#### Requirement
Your answer must consist of exactly the lines below, starting with the line with "Jetzt im Angebot" and going on through the line with "Серьги с кристаллами и жемчужинами", and nothing else.

#### Data to process
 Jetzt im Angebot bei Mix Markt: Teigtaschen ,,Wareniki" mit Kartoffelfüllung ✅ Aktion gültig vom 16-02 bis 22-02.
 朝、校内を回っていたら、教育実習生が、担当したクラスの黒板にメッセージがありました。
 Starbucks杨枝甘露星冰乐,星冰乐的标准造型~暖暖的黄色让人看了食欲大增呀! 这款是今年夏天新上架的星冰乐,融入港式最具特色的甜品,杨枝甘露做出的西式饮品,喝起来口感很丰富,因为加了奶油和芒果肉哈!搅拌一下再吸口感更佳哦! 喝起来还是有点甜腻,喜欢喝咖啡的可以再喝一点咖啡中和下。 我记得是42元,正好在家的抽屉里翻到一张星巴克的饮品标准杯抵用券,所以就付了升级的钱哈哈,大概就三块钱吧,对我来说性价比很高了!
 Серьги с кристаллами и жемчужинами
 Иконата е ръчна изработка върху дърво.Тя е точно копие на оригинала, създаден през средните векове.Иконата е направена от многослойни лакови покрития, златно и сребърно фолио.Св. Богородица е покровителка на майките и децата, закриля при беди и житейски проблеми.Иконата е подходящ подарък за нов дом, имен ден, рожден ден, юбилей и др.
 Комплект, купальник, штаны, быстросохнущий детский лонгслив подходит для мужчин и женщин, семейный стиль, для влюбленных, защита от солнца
==
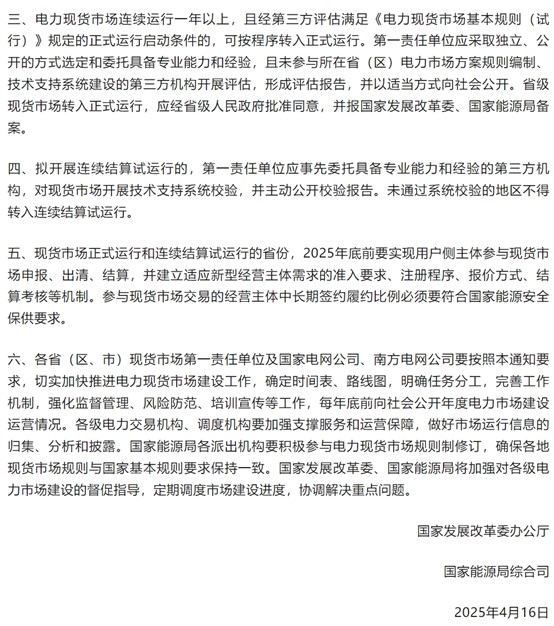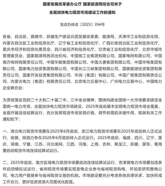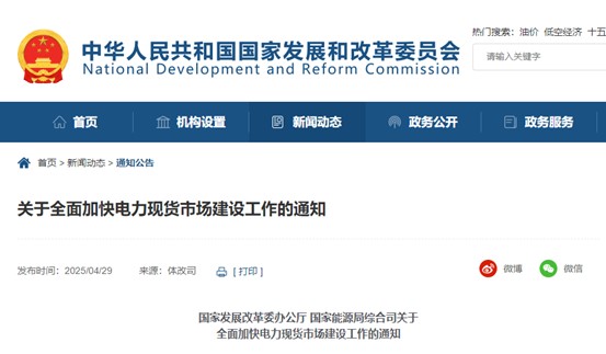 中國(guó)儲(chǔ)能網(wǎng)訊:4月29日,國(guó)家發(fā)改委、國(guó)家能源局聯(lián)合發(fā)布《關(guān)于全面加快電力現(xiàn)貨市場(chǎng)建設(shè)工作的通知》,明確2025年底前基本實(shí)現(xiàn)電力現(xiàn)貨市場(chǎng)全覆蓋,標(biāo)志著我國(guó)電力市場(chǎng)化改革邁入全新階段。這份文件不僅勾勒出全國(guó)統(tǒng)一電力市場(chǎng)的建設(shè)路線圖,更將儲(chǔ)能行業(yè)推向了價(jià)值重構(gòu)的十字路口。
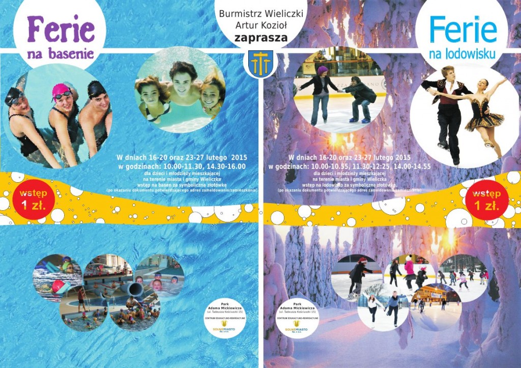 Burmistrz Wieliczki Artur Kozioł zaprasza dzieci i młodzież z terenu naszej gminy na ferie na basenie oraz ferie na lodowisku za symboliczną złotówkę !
--
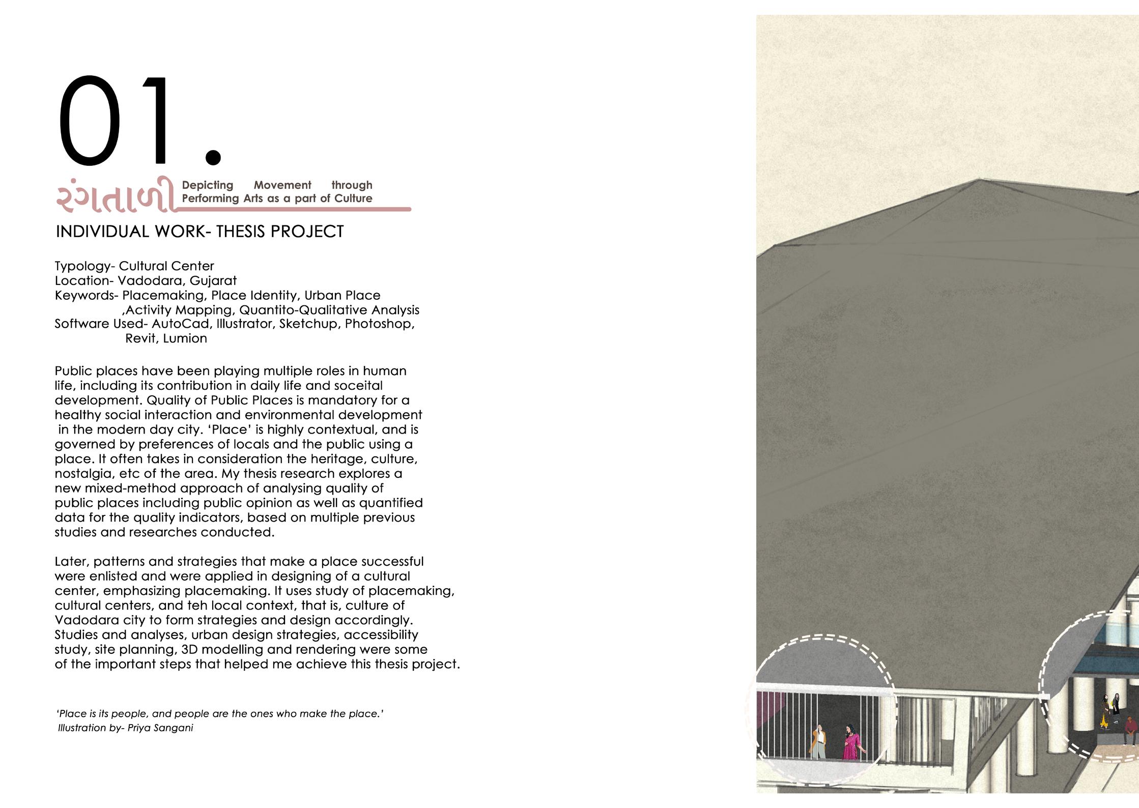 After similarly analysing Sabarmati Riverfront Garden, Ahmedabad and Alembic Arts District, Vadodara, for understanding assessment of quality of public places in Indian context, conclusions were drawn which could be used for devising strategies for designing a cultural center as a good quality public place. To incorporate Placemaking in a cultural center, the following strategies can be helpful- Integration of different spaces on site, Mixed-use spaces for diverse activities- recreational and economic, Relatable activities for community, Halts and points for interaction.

#### Result below
 Jetzt im Angebot bei Mix Markt: Teigtaschen ,,Wareniki" mit Kartoffelfüllung ✅ Aktion gültig vom 16-02 bis 22-02.
 朝、校内を回っていたら、教育実習生が、担当したクラスの黒板にメッセージがありました。
 Starbucks杨枝甘露星冰乐,星冰乐的标准造型~暖暖的黄色让人看了食欲大增呀! 这款是今年夏天新上架的星冰乐,融入港式最具特色的甜品,杨枝甘露做出的西式饮品,喝起来口感很丰富,因为加了奶油和芒果肉哈!搅拌一下再吸口感更佳哦! 喝起来还是有点甜腻,喜欢喝咖啡的可以再喝一点咖啡中和下。 我记得是42元,正好在家的抽屉里翻到一张星巴克的饮品标准杯抵用券,所以就付了升级的钱哈哈,大概就三块钱吧,对我来说性价比很高了!
 Серьги с кристаллами и жемчужинами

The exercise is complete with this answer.